Here’s a question I never thought about: where did the oceans come from?

Scientists have wondered and this is what they think, according to Science Advisor.

Billions of years ago, asteroids bombarded Earth, bringing with them bits of water that coalesced into the ocean and helped make our planet habitable. But the details of how so much water could arrive in such small packages have been fuzzy.

In 2018, Japanese spacecraft Hayabusa2 visited Ryugu, a near-Earth asteroid studied to show us what materials could have been brought to Earth from other bodies in the solar system. The samples the craft returned from Ryugu’s surface were tiny: only a few grams in total. But when researchers analyzed two key isotopes used as geological clocks within them, lutetium-176 and hafnium-176, they noticed far higher levels than expected.
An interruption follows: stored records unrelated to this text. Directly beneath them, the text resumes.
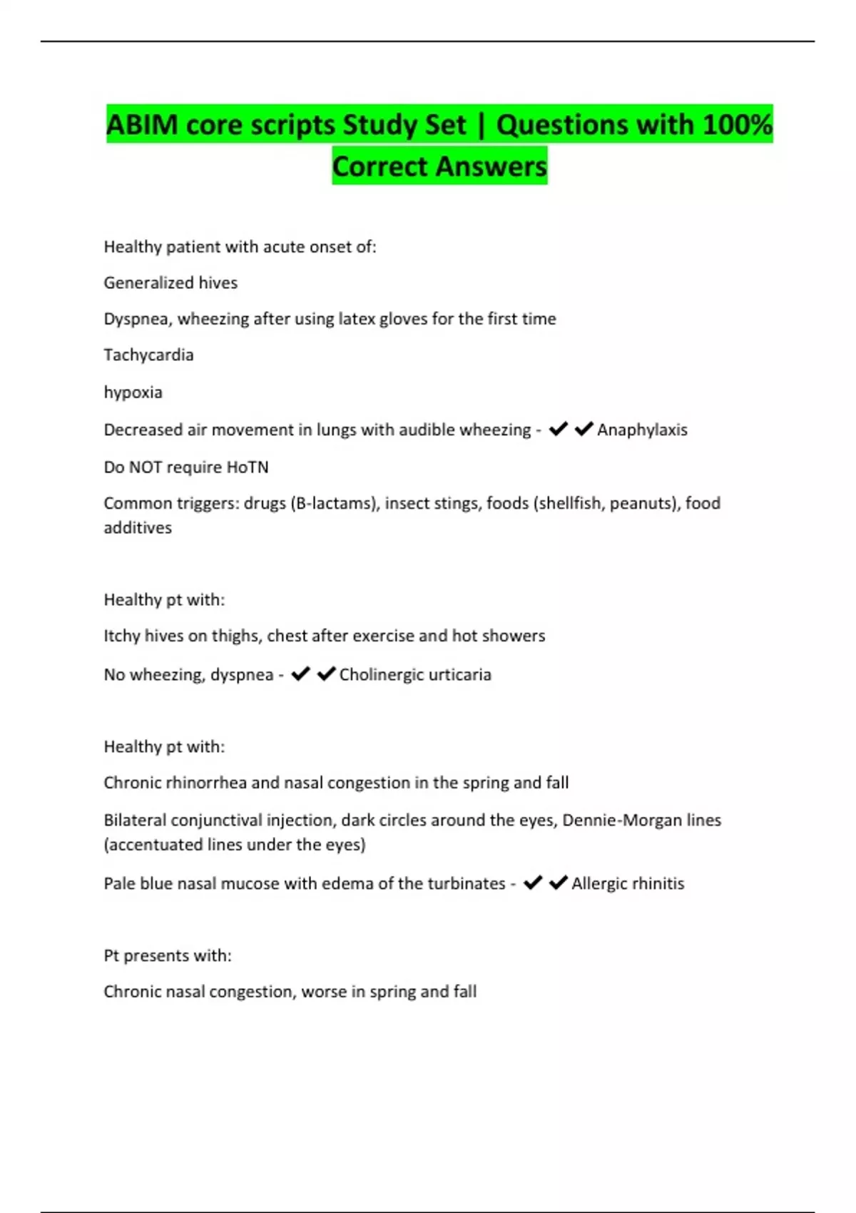 ABIM core scripts Study Set | Questions with 100%
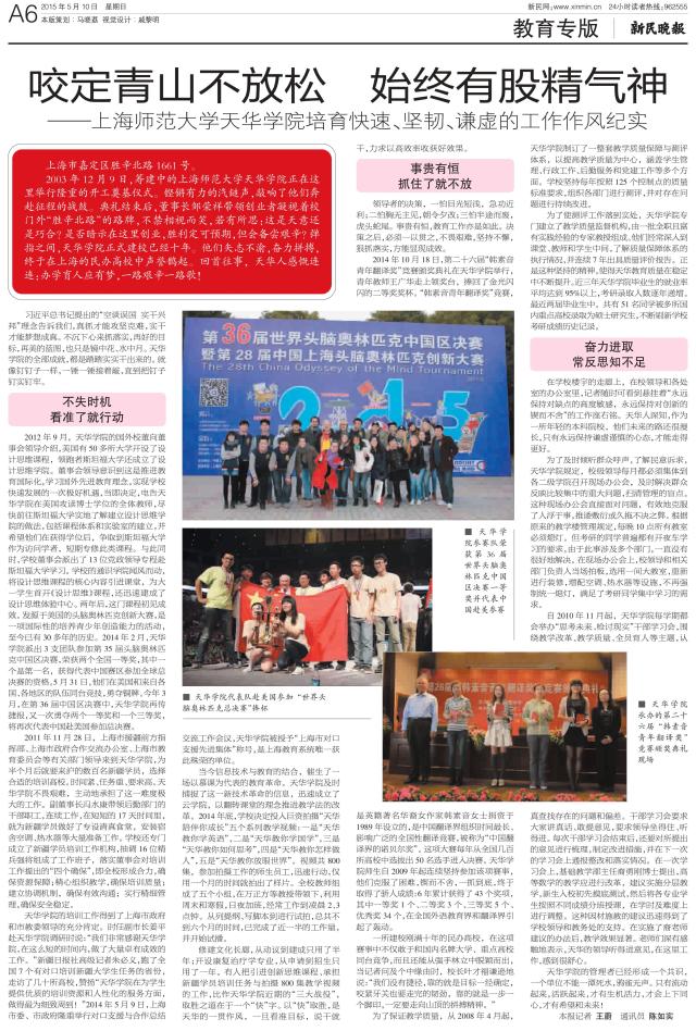 新民晚报:教学之本在课堂——天华学院“活力课堂”教学改革2016年12月29日,新民晚报刊发社评《教学之本在课堂》,报道我校“活力课堂”教学改革,以下是社评原文:写下这个题目,至少有两层意思。一,虽然新年已进入倒计时,但怎么说都离寒假还有时日。几乎每年此时,网上都会出现“史上最长高校寒假排行榜”,2017年的榜单也早已出笼,最长的放假58天,最短的放假44天。如果对比一下中小学区区20多天的寒假,大学够幸福的了。二,2017年我国的大学本科生恐怕要“收骨头”了。教育部副部长林蕙青日前已吹风,即将颁布实施全部92个本科专业类的教学质量标准,作为本科人才培养质量的2016-12-29 -
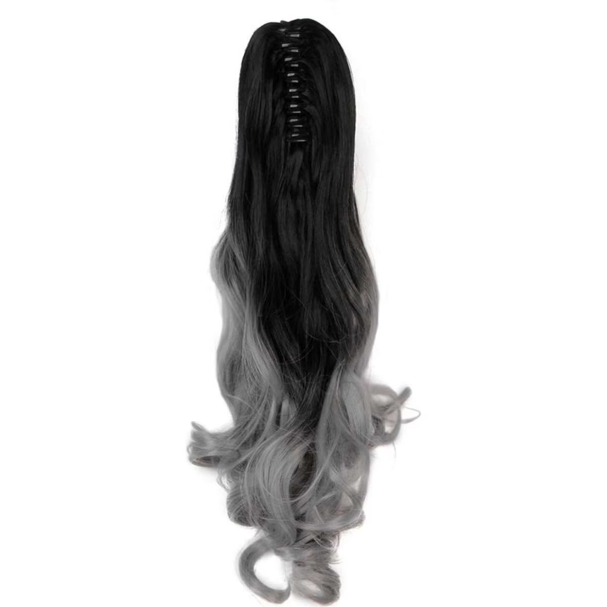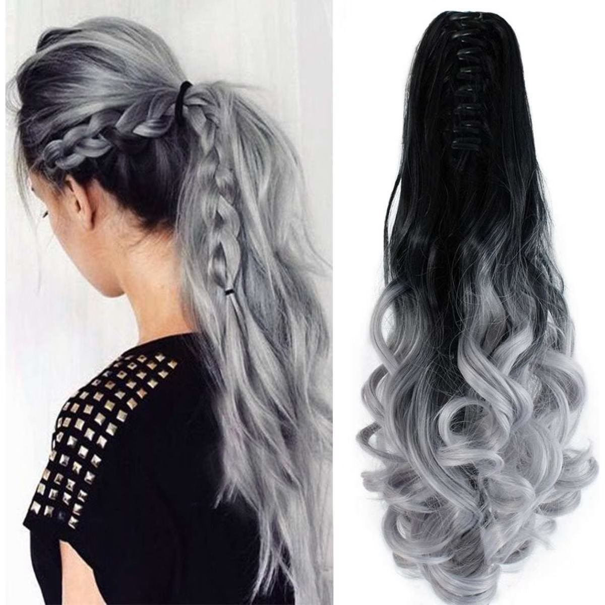 TODO Two Tone Ombre High Grade Silver Gray Curly Clip On Pony Tail 24″ Hair Clamp 09

This indicated that fluid, likely water, was washing out the isotopes from the rocks’ interior.

The researchers hypothesize that Ryugu’s larger asteroid parent was in a space collision, triggering buried ice to melt and seep into its outer layers, chunks of which later broke off, like Ryugu. While researchers believed watery asteroids only occurred in the very young solar system, this theory would suggest they retained ice for a billion years. That in turn suggests that when asteroids like Ryugu’s parent crashed into Earth, they were carrying two to three times more water than we gave them credit for.

“Suddenly we have evidence that these [asteroids] were wetter than we previously thought, which meant that they can more reasonably explain the origin of the Earth’s oceans when they hit the early planet,” astronomer Jonti Horner, who was not involved in the work, told New Scientist.